"Sela nelepon. Sebaiknya aku turun aja deh. Urusan kita udah selesai, bukan?"
"Tanggung, sebentar lagi sampai. Kamu jawab telepon saat mobilku berhenti, ya. Jangan sampai dia mendengar kalau kamu lagi dalam perjalanan."
Tak lama kemudian, Saga memberhentikan mobilnya tepat di depan apartemen. Ponsel Gisca pun sudah tidak bergetar lagi, layarnya bertuliskan ada satu panggilan tak terjawab.
Tentu saja Gisca bersiap turun, tapi Saga malah menahannya.
"Kenapa lagi?"
"Sela pasti nelepon lagi. Jawab di sini aja. Kalau dia udah tiba di apartemen, bilang aja kamu habis beli sesuatu ke minimarket sambil sekalian jalan-jalan cari angin."
Ternyata memang benar, rupanya Sela kembali menelepon Gisca. Sebelum mengangkatnya, Gisca menarik napas sejenak. Berusaha tenang, jangan sampai gugup apalagi terdengar mencurigakan.
"Jawab setenang mungkin. Biasa aja," tambah Saga.
Gisca tidak menjawab perkataan Saga. Ia memilih menggeser layar ke warna hijau sekarang juga.
"Halo, Gisca?" sapa Sela di ujung telepon sana.
"Iya, Sel?" Gisca berusaha setenang yang ia bisa.
"Kamu belum tidur?"
Pertanyaan Sela membuat Gisca yakin temannya itu belum pulang.
"Belum. Kamu kapan pulang?" Lagi, Gisca berusaha tidak gugup.
"Aku udah hampir sampai nih. Kamu mau dibeliin sesuatu? Jajanan malam di sekitar apartemen enak-enak loh."
"Kamu udah hampir sampai?" Gisca tidak bisa menyembunyikan keterkejutannya.
"Iya, emangnya kenapa? Kayak kaget banget?" tanya Sela. "Eh tunggu, tapi kamu lagi di luar ya? Soalnya samar-samar aku mendengar suara kendaraan beberapa kali."

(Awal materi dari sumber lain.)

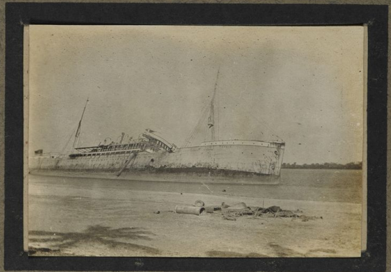
Navire échoué fermant le port Dar. Es. Salaam le 23-1-1918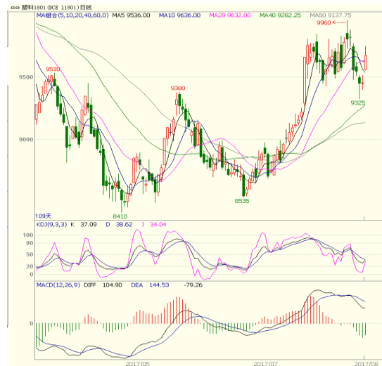
图 3 LLDPE1801 合约日线图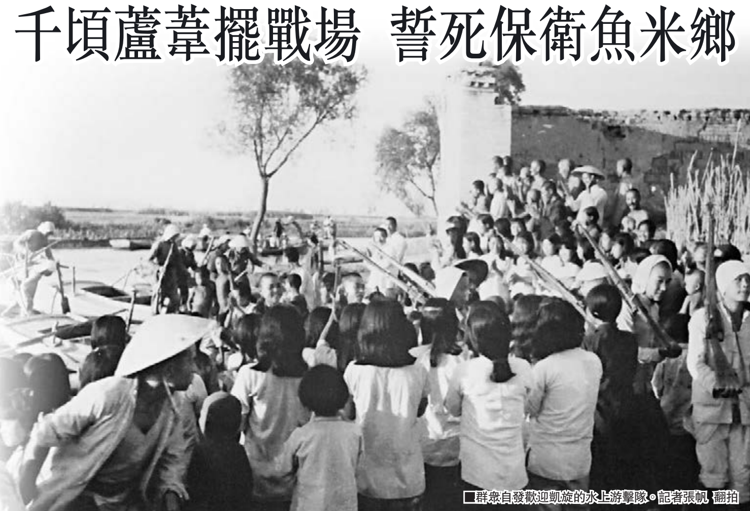
群眾自發歡迎歡迎航運的水上游擊隊。

「一九四三年，環境大改變，白洋淀的崗樓端了多半邊……」這首民歌反映的是1943年以後，白洋淀對敵鬥爭形勢有了很大改變。到1945年，英雄的白洋淀軍民配合主力部隊全線出擊，解放新安城，徹底摧垮了盤踞新安的敵人。時隔不久，抗戰取得了最後勝利。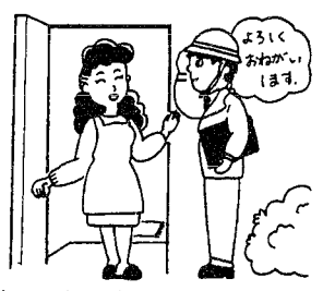
お宅の電気設備は大丈夫ですか?

当協会の調査職員がお宅へお伺いしたときや再訪問のお知らせをしたときは、どうか協力をお願いします。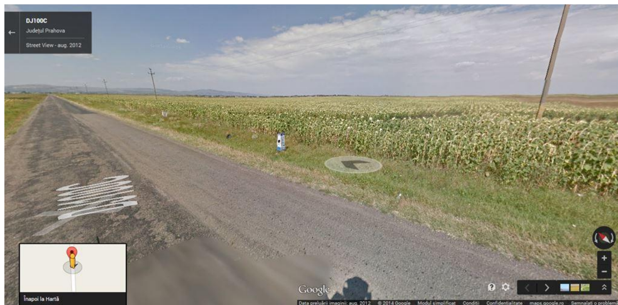
vedere spre MIZIL,terenul se afla in partea dreapta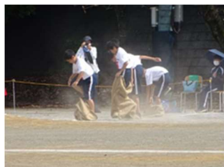
アドベンチャーレース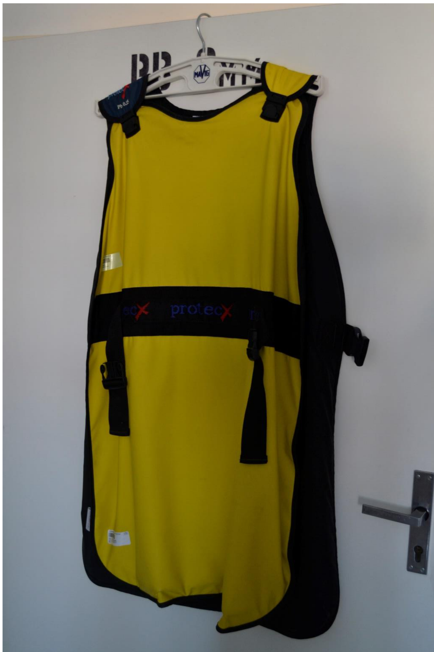
Obr. č. 8: Ochranná zástěra

Materiál ochranných stínění, tudíž i ochranné zástěry, zeslabuje záření a zároveň musí být rovnoměrně rozložen a musí obsahovat prvky o atomovém čísle větším než 47. Ochranné zástěry jsou vyráběny se stínícím ekvivalentem 0,25 mm Pb, 0,35 mm Pb, 0,50 mm Pb a 1,00 mm Pb (viz. obr. č.8 a č.9). (12)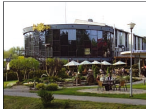
9, 10 pav. Restoranas „Vasara“ Palangoje (arch. A. Eigirdas) 1964 m. ir dabar (9 pav. paimtas iš Švyturys, 1966 m. gegužės 9 d.; 10 pav. nuotrauka A. Gabrėno)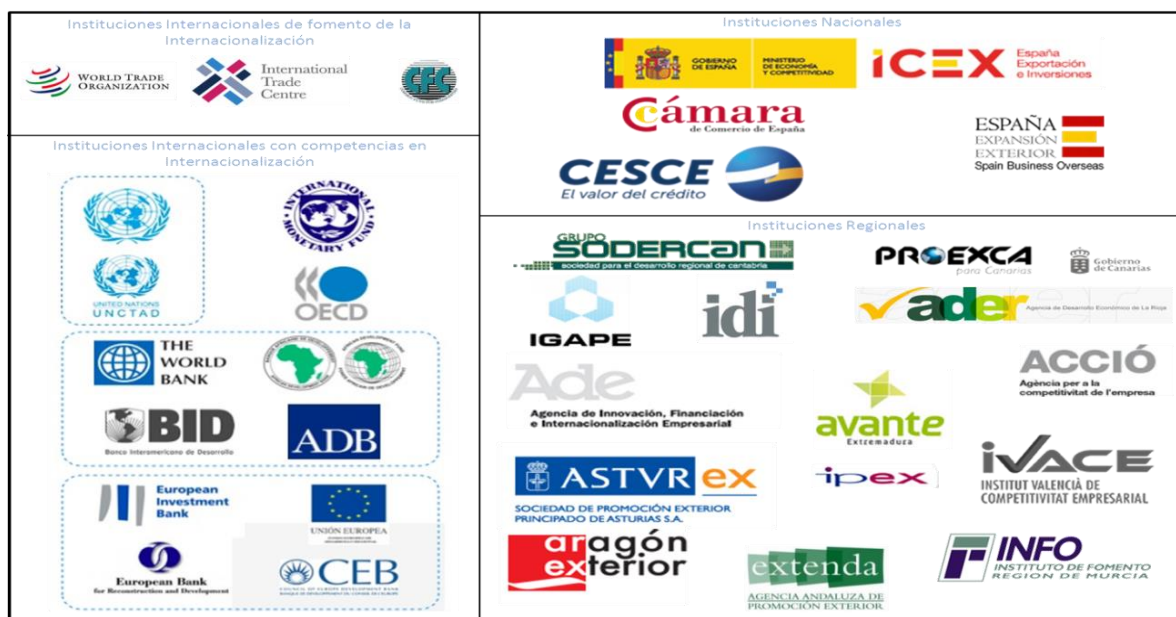
FIGURA 2: RESUMEN DE LAS ORGANIZACIONES DE PROMOCIÓN DE LA INTERNACIONALIZACIÓN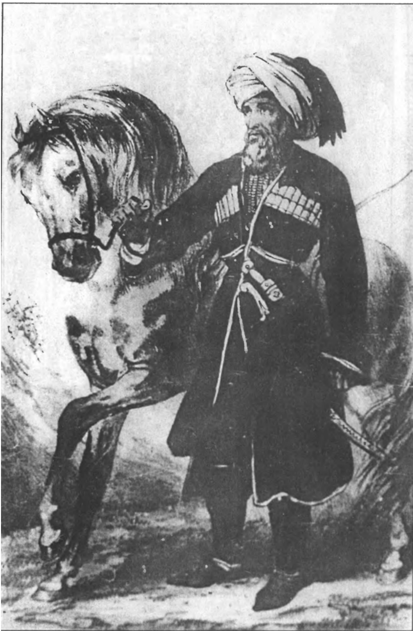
Участник Кавказской войны Хаджи-Гуз (1837г.)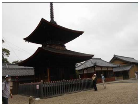
1493 重要文化財の5百年前の多宝塔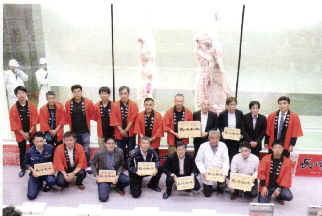
セリ終了後、購買者のみなさんと写真撮影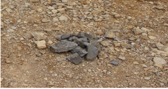
Figura 10. Fragmentos del bloque 3

La fragmentación del bloque 3 que se observa en la figura, alcanzaron los 14 metros de distancia dejando escombros del bloque visibles, que fueron recolectados, esta vez las proyecciones no causaron mayor sensación de riesgo pues cayeron lejos de la zona del personal presente. En este caso igualmente se realizó la búsqueda de los fragmentos alrededor de la zona de detonación, la búsqueda se facilitó debido al tamaño de los fragmentos generados.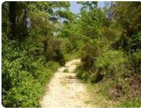
[5] Un large chemin pour commencer.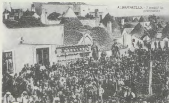
27 Settembre 1920 - sosta della Processione dei Ss. Medici Cosma e Damiano in Piazza Gian Girolamo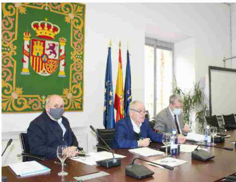
Miguel Gracia, presidente de la DPH y de la Comisión de Despoblación y Reto Demográfico de la FEMP

La participación de las entidades locales en el Fondo de Recuperación de la Unión Europea y la adaptación de la normativa que afecta a su ejecución, y en especial en materia de Contratación del Sector Público, con el fin de agilizar y rentabilizar al máximo todos los proyectos que pueden ser financiados con este tipo de fondos, fueron las dos ideas fundamentales de la propuesta que acordó la Comisión de Despoblación y Reto Demográfico de la Federación Española de Municipios y Provincias, que esta semana presidió por vez primera, Miguel Gracia, tras ser nombrado el pasado 24 de noviembre para este cargo, en sustitución de Francesc Boya, actual Secretario General para el Reto Demográfico, quien intervino también en esta reunión.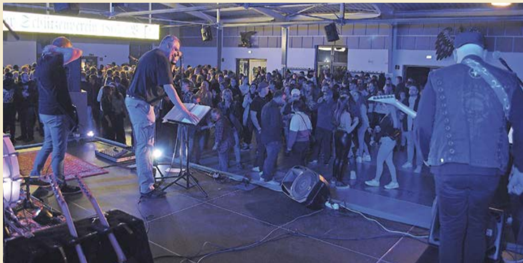
Bei der Nacht der Nächte 2.0 in 2023 haben „Grandmamas Backside“ die Halle schon komplett gefüllt. Dieses Jahr möchte man an den Erfolg aus dem Vorjahr anknüpfen und hat wieder ein vielversprechendes Programm auf die Beine gestellt.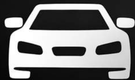
Прокат авто без водія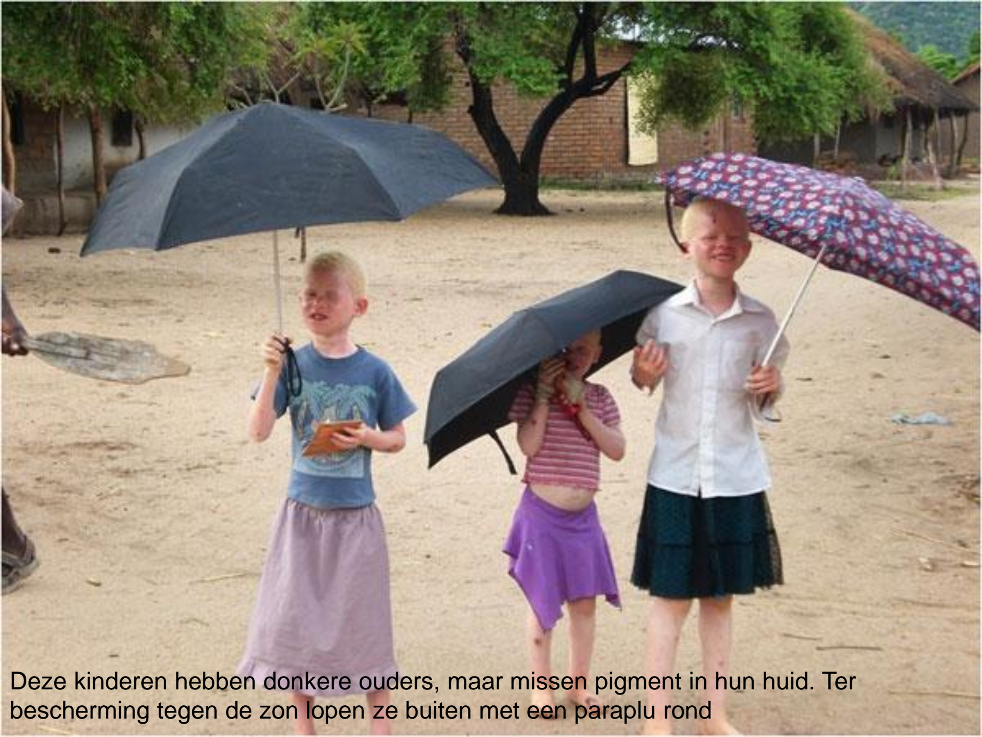
Deze kinderen hebben donkere ouders, maar missen pigment in hun huid. Ter bescherming tegen de zon lopen ze buiten met een paraplu rond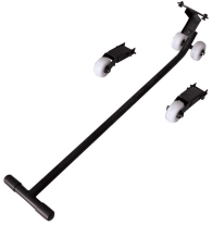
Mobile wheel kit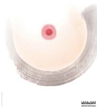
Figure 4. I love mother earth environmental protection poster 图 4. 我爱大地之母环保海报 ④

对于上述作品的分析，能看出在图形设计中闭合原则的运用，就是考验设计师以形达意的过程，借助局限的形来传达出无限的内涵或精神。马克斯·韦特海默说过：“人在知觉的过程中，总是有一种追求事物结构整体性或完形性的特点，这称作知觉的整体性或完形。”而从观者的角度出发，会发现不闭合的形或者是残缺的形，会更刺激观者的感官，带来意想不到的视觉效果。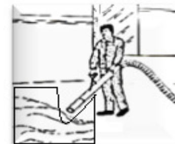
Limpeza de reservatórios e pisos com líquidos em geral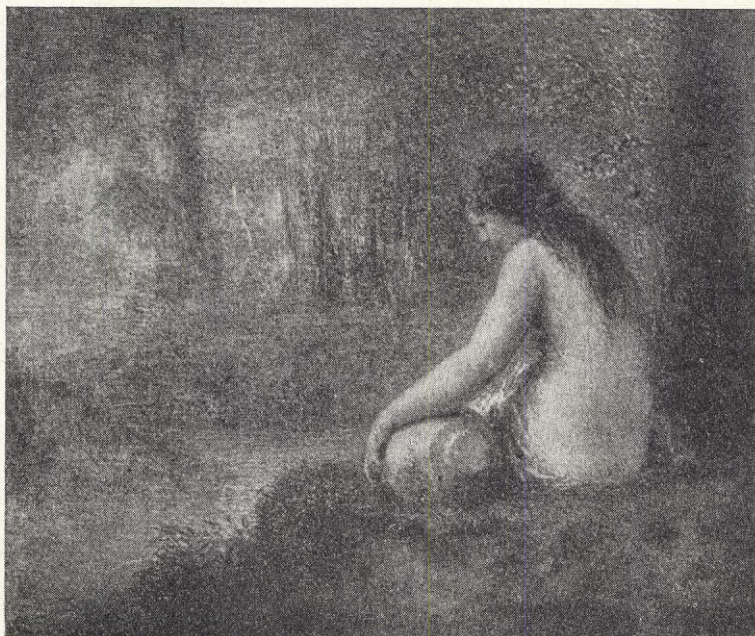
Henri Fantin-Latour: Vid källan.

De tjeckoslovakiska kvinnorna utveckla en livlig verksamhet både genom organiserandet av särskilda kvinnogrupper inom varje politisk organisation samt ge-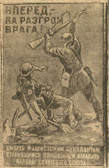
Плакат работы художника Д. Шмаринова, выпущенный издательством «Искусство»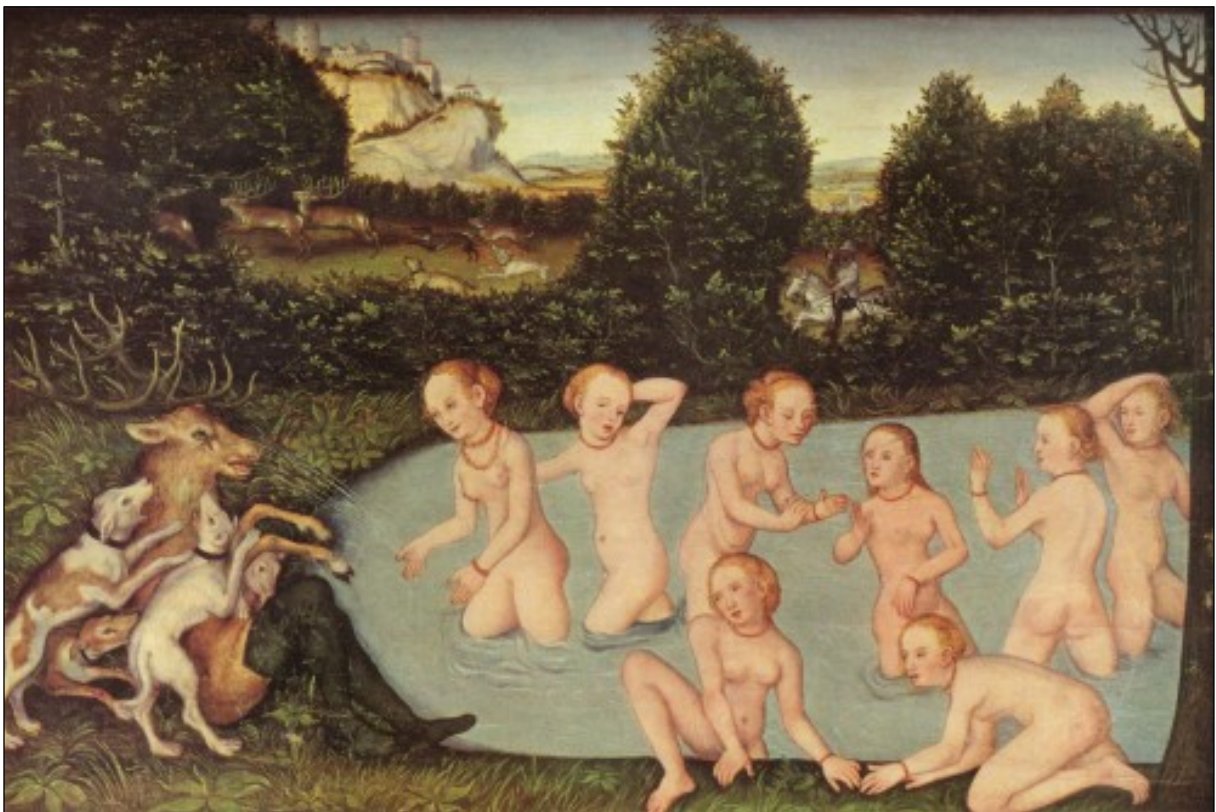
Lucas Cranach l'Ancien, Diane et Actéon , 16 e siècle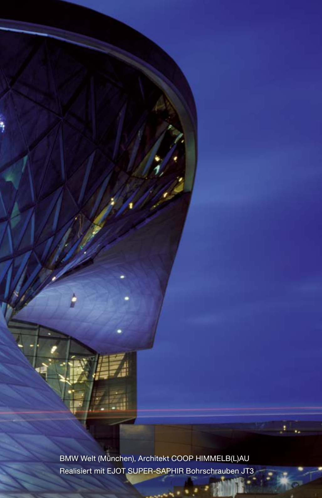
BMW Welt (München), Architekt COOP HIMMELB(L)AU Realisiert mit EJOT SUPER-SAPHIR Bohrschrauben JT3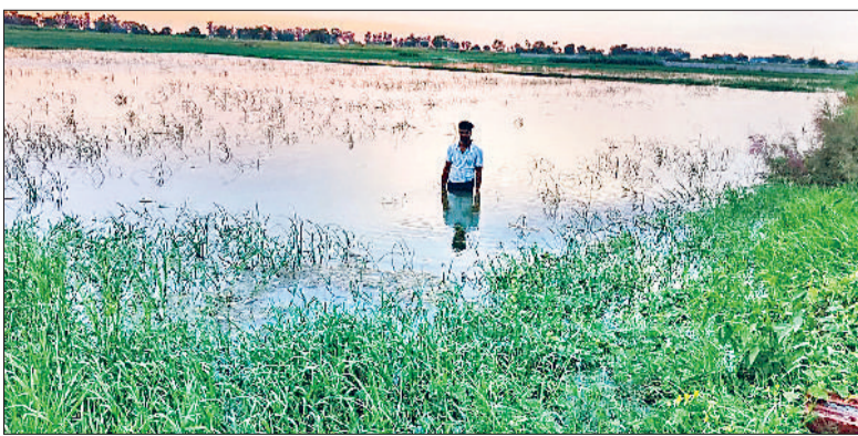
भारी बरसात से भगवतीपुर के खेतों में पानी भरने से फसल बिल्कुल खत्म हो चुकी है।

वर्ष 1996 में भी 666.50 एमएम हुई थी बरसात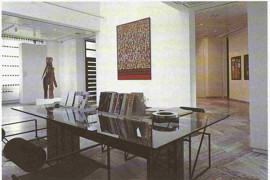
Ein Blick in die Räume der «Galleria Gottardo»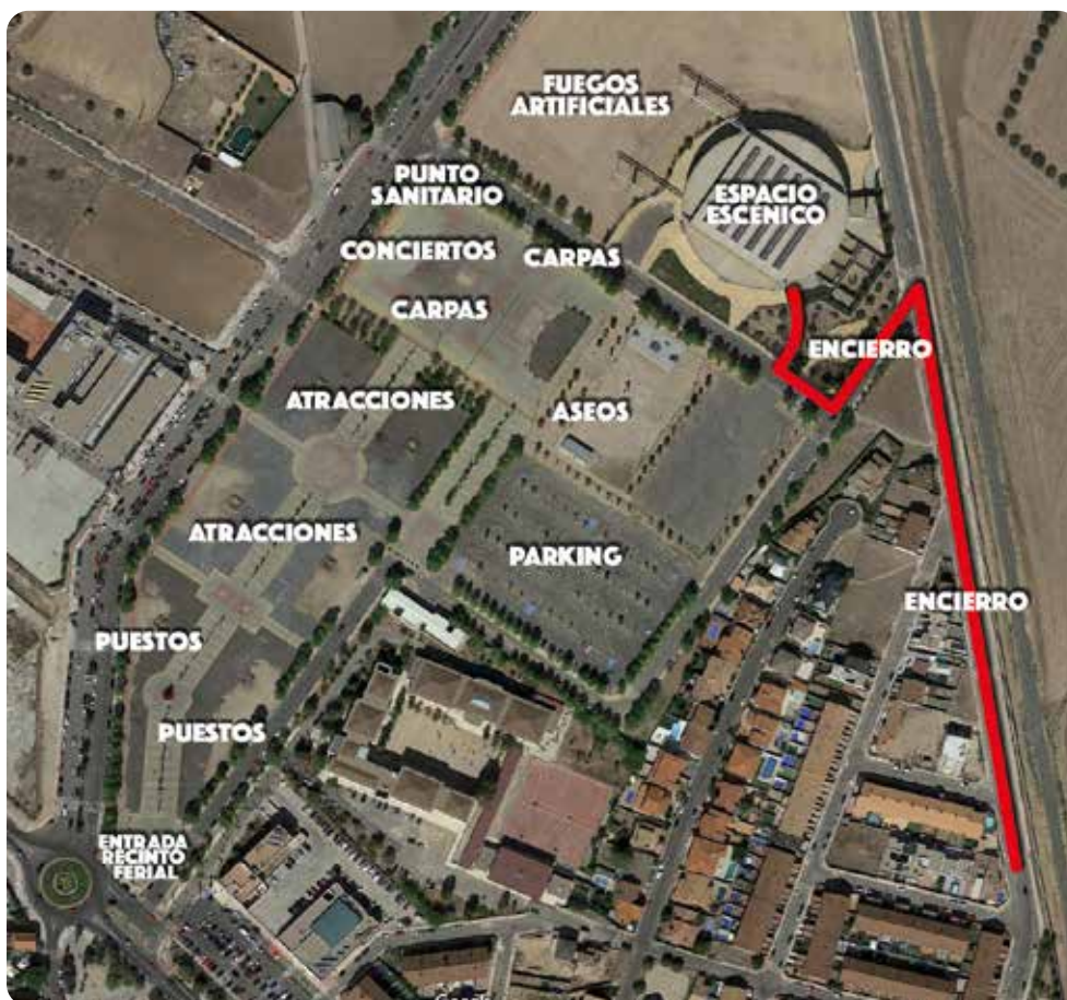
PLANO DE SITUACIÓN • Recinto Ferial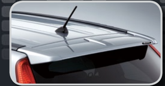
Cánh lướt gió đuôi xe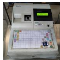
Referencia: PCB-011 CAJA REGISTRADORA Año: . Marca: SAM4S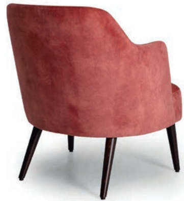
wenge ABEL Blush

Großrapportige oder karierte Stoffe, sowie zweifarbige Polsterungen werden mit 5 % Mehrpreis berechnet, Lederverarbeitung und Rapportbeachtung auf Anfrage.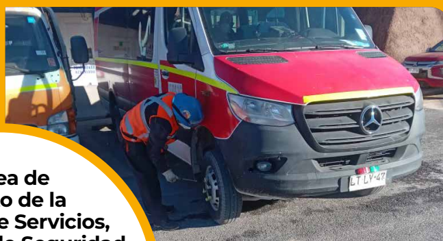
Control de torque

El Área de Tránsito de la Gerencia de Servicios, la Gerencia de Seguridad y los Comités Paritarios de Faena de gerencias Staff trabajaron de manera colaborativa para realizar diferentes actividades para la campaña.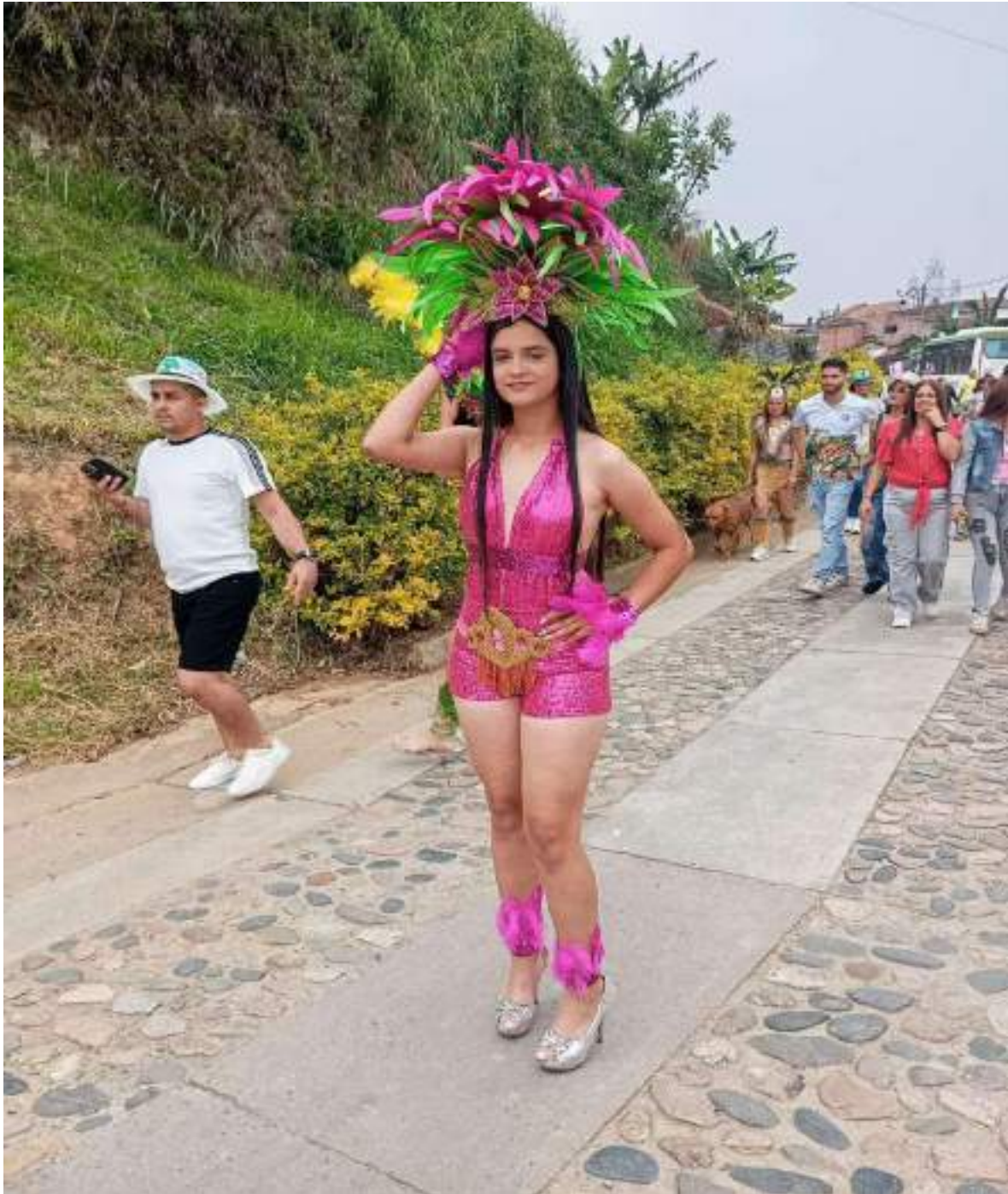
Figura 1. Participación comunidad educativa Fiestas patronales de Aspasica

Sepertinya Gisca tidak akan sempat kembali ke kamar dalam waktu secepat kilat. Untuk itu, ia terpaksa mengatakan apa yang Saga sarankan tadi. Lagian Sela telanjur mendengar bunyi khas kendaraan yang akan sangat mencurigakan jika Gisca mengaku sedang berada di kamar.
"Sebenarnya aku belum pengen tidur, jadi sambil nunggu kamu pulang ... aku memutuskan cari angin keluar, sekalian ke minimarket juga," bohong Gisca.
"Oke, kalau gitu kita ketemu di depan aja ya. Sekitar lima menit lagi aku sampai. Kita beli jajanan malam dulu."
"Oke, aku tunggu. Kebetulan aku juga ada di depan."
Setelah sambungan telepon mereka terputus, Gisca langsung membuka pintu mobil untuk turun.
"Ini, bawa." Saga menyerahkan satu kantong belanjaan khas minimarket yang berisi beberapa camilan dan minuman kaleng. Ia memang sudah mempersiapkannya dan sengaja diletakkan di kursi belakang untuk berjaga-jaga. Gisca sendiri heran sejak kapan kantong belanjaan tersebut ada di sana.
"Dia pasti heran kalau kamu nggak bawa belanjaan. Jadi bawa ini, ya."
Gisca mengernyit. "Kamu seniat itu?"
"Ini bagian dari antisipasi. Aku cuma waspada," jawab Saga santai.
Tanpa menjawab karena itu akan membuang-buang waktu, Gisca lalu turun dari mobil Saga.
"Aku harap kita bisa ketemu lagi. Berdua," ucap Saga. "Ah iya ... mulai sekarang kamu harus terbiasa angkat telepon atau balas chat dariku, ya."
Meskipun Gisca sudah turun, tapi wanita itu bisa mendengar dengan jelas kalimat terakhir Saga.
Tentu saja Gisca berjanji akan memblokir nomor Saga secepatnya. Ia tidak boleh terlibat dengan pria gila itu lagi. Cukup ini yang terakhir.
Terakhir. Terakhir. Terakhir!
Gisca pun menjauh dari mobil Saga. Ia juga bersyukur Saga langsung meninggalkan tempat itu. Mobilnya juga mulai menghilang dari pandangan Gisca.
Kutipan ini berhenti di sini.